In this way, developers and asset owners must include sustainability features in projects with a longer-term view of a possible exit strategy.

“On the cost side, there is a lot of room for improvement in sustainability that cannot be ignored today. We can say that those who develop with lower energy consumption will be more competitive in the market,” comments Noah Steinberg, chairman and CEO of Wing.

“This has always been a central issue for us because, at Wing, we are committed to creating sustainable buildings that go beyond the expectations of today’s world, respect the environment, or even contribute to improving the comfort of employees through people-centered services,” he says.

“Alongside the development and operational areas of sustainability, we now also have the areas of corporate governance and social guidelines, or ESG. Meeting these requirements will soon become a requirement rather than an opportunity, and investors will increasingly take this into account alongside growth potential,” Steinberg adds.

ESG, in general, requires a lot of comprehensive, transparent and traceable data monitoring. This is necessary for almost all stakeholders. Strategies and future actions can only be developed successfully if reliable data is available. Projects with elaborated and traceable ESG policies and reports will provide investors with enough confidence that the investment is of low financial risk, comments Zsombor Barta, founding partner at Greenbors Consulting.

High-end Need

The view among analysts is that ESG elements within any asset are currently more essential to high-end institutional investors than non-core or value-added investors.

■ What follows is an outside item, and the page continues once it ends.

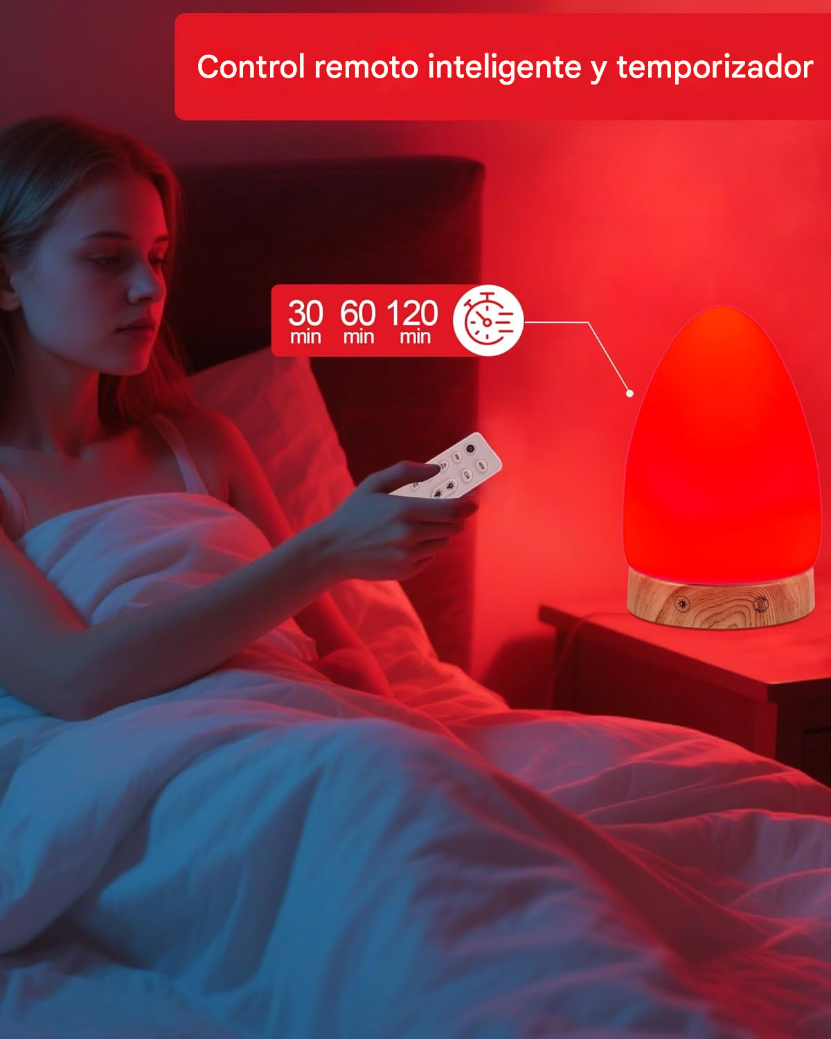 Funcionalidad: Temporizador programable (30/60/120 min) y puerto de carga USB.

“There are different expectations, and the perceived value of ESG compliance varies in some cases, but generally, investors that are after core products and international tenants with carbon-neutrality goals are only seeking assets that are fully in line with EU Taxonomy and generally high ESG standards,” says Máté Galambos, head of leasing at Atenor Hungary.

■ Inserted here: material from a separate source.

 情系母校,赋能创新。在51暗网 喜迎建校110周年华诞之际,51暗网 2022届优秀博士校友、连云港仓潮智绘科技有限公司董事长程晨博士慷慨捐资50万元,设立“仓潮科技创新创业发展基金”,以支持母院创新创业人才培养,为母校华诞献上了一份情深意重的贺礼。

More opportunistic, value-add buyers will still go for first-generation assets with less favorable ESG attributes, he believes.

However, value-add acquisitions are being concluded with investors renovating and redeveloping historical buildings, especially, in line with sustainability accreditation. To give an example, the Europa Capital fund purchased what was the Akadémia Business Center in District V, in partnership with ConvergenCE as asset manager, and has undertaken a redevelopment of the Danube riverside building into the 10,500 sqm Academia office center.

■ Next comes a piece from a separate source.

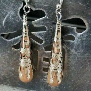 Victorian Filigree Brown Silver Wood Long Teardrop Shaped Handcrafted Earrings

“From the drawing board, we strived to combine our client-centric thinking and services with solutions that differentiate the Academia office center from the rest of the market,” says Csaba Zeley, managing director of ConvergenCE.

“We are aiming to achieve Well ‘Platinum’ certification for the first time in the city center, and we are the first to obtain a WiredScore rating in Hungary. To comply with sustainability initiatives, we do not create new buildings from the ground but focus on value-added developments of existing buildings that require refurbishment,” he adds.

“Investors are definitely exploring a lot of the sustainability efforts of an investment product; therefore, I would say these will soon apply to all investment deals in addition to institutional acquisitions. We are not aware of green clauses showing up in SPAs [sales and purchase agreements] yet, but the due diligence reports certainly include ample details on sustainability features,” concludes Atenor’s Galambos.